Task goal
Write out only the lines from the top of the listing below through the one with "Bratara Cuban Chain", exactly as they stand, while keeping pictures out of the copy.

Data
==============================
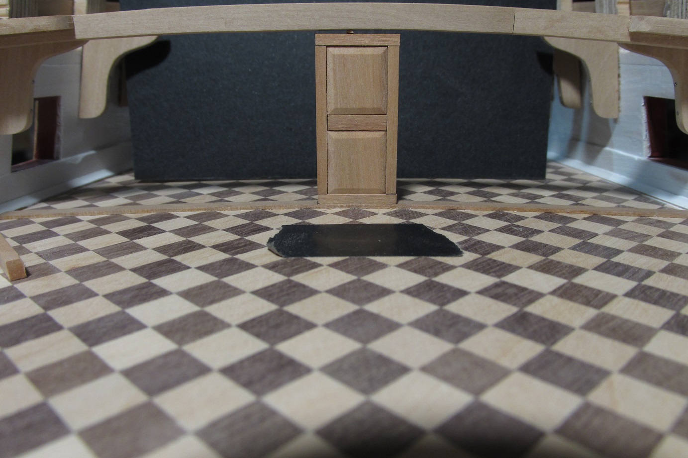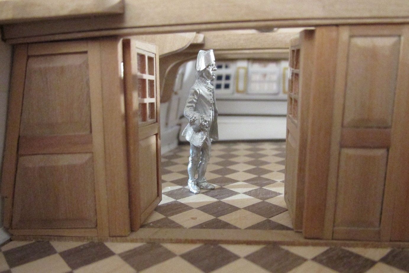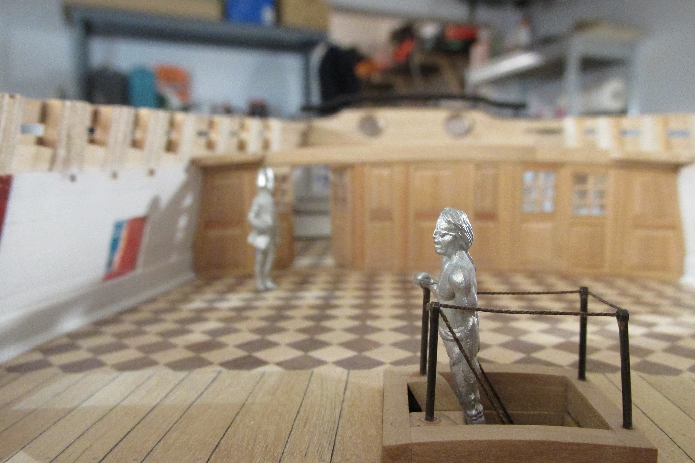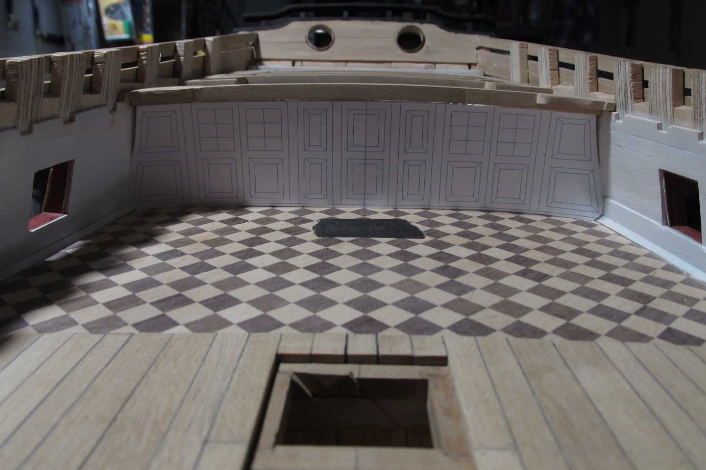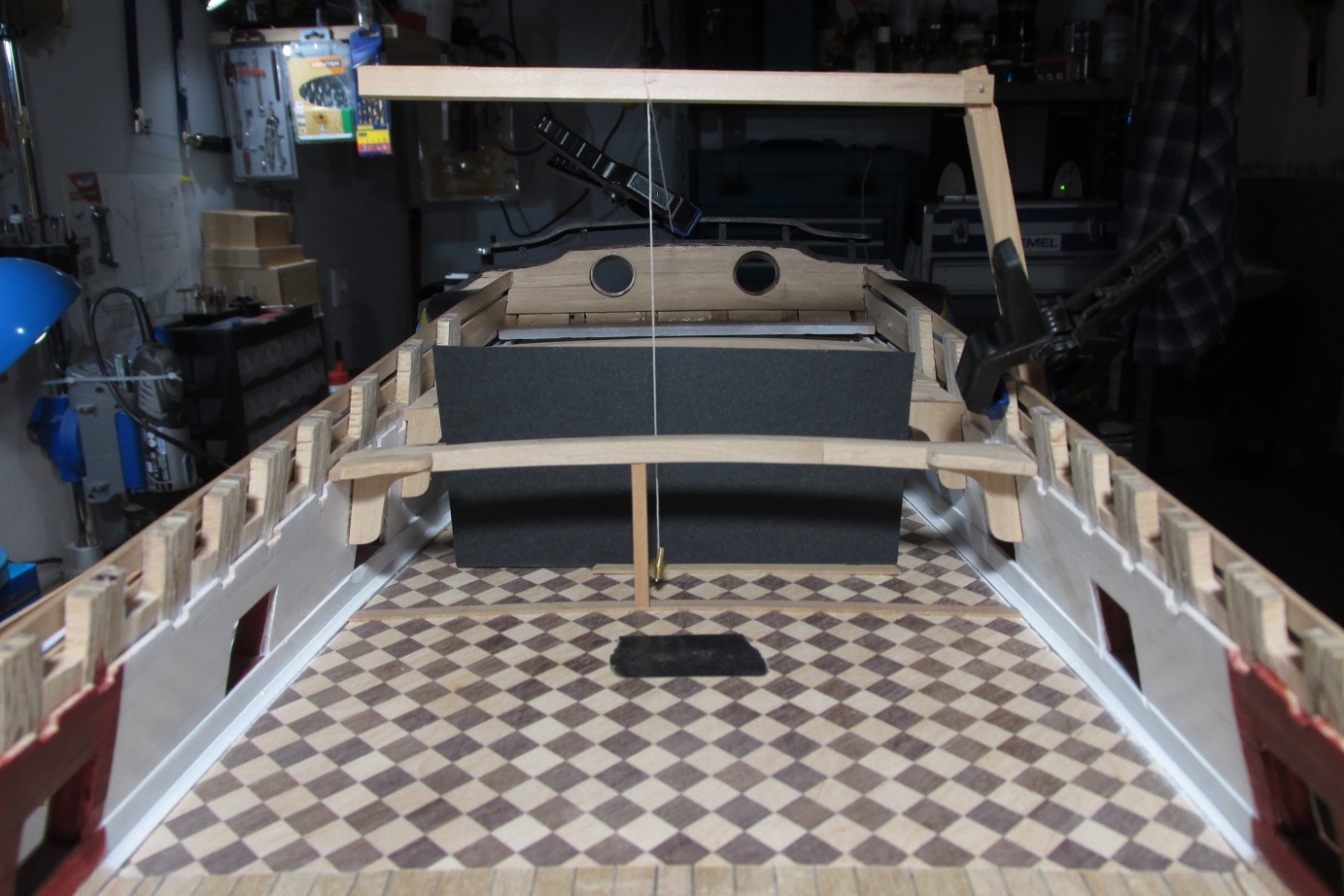 Dalej ciągnę ściankę pod quarter deckiem, ponieważ tokarka wróciła już z serwisu, to mogłem wytoczyć zawiasy do drzwi i je zamontować.
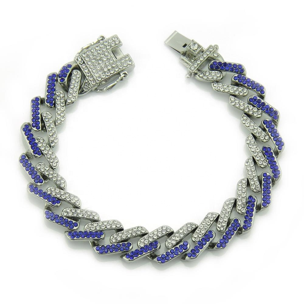 Bratara Cuban Chain culoare dubla, placat cu aur 18K, pietre zirconiu. albastru
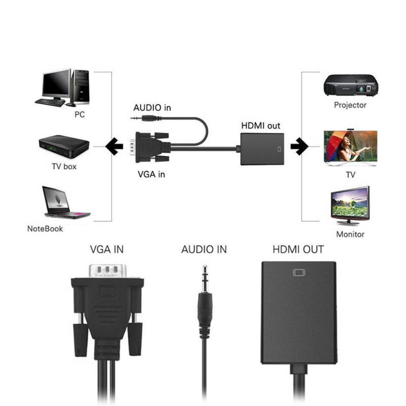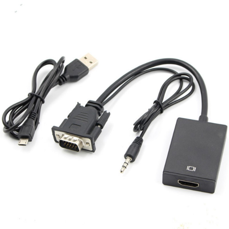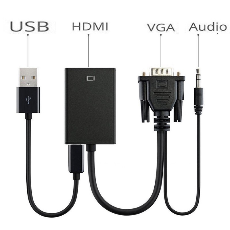 Cabo Adaptador VGA para HDMI com Áudio. Este conversor incorpora de um lado um conector VGA macho no outro um conector HDMI fêmea. O cabo conversor mede cerca de 30 cm. Tem um cabo adicional de 80 cm de microUSB para USB para alimentar a conversão e um cabo jack 3.5 macho para injectar o áudio. Resolução HDMI até 1080P/60HZ
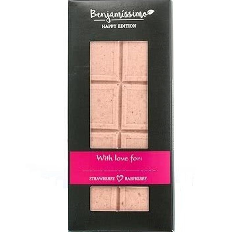 Ciocolata cu capsuni si zmeura bio, 60g, Benjamissimo Ciocolata cu capsuni si zmeura bio, 60g, Benjamissimo
==============================
Answer to this problem
 Dalej ciągnę ściankę pod quarter deckiem, ponieważ tokarka wróciła już z serwisu, to mogłem wytoczyć zawiasy do drzwi i je zamontować.
 Bratara Cuban Chain culoare dubla, placat cu aur 18K, pietre zirconiu. albastru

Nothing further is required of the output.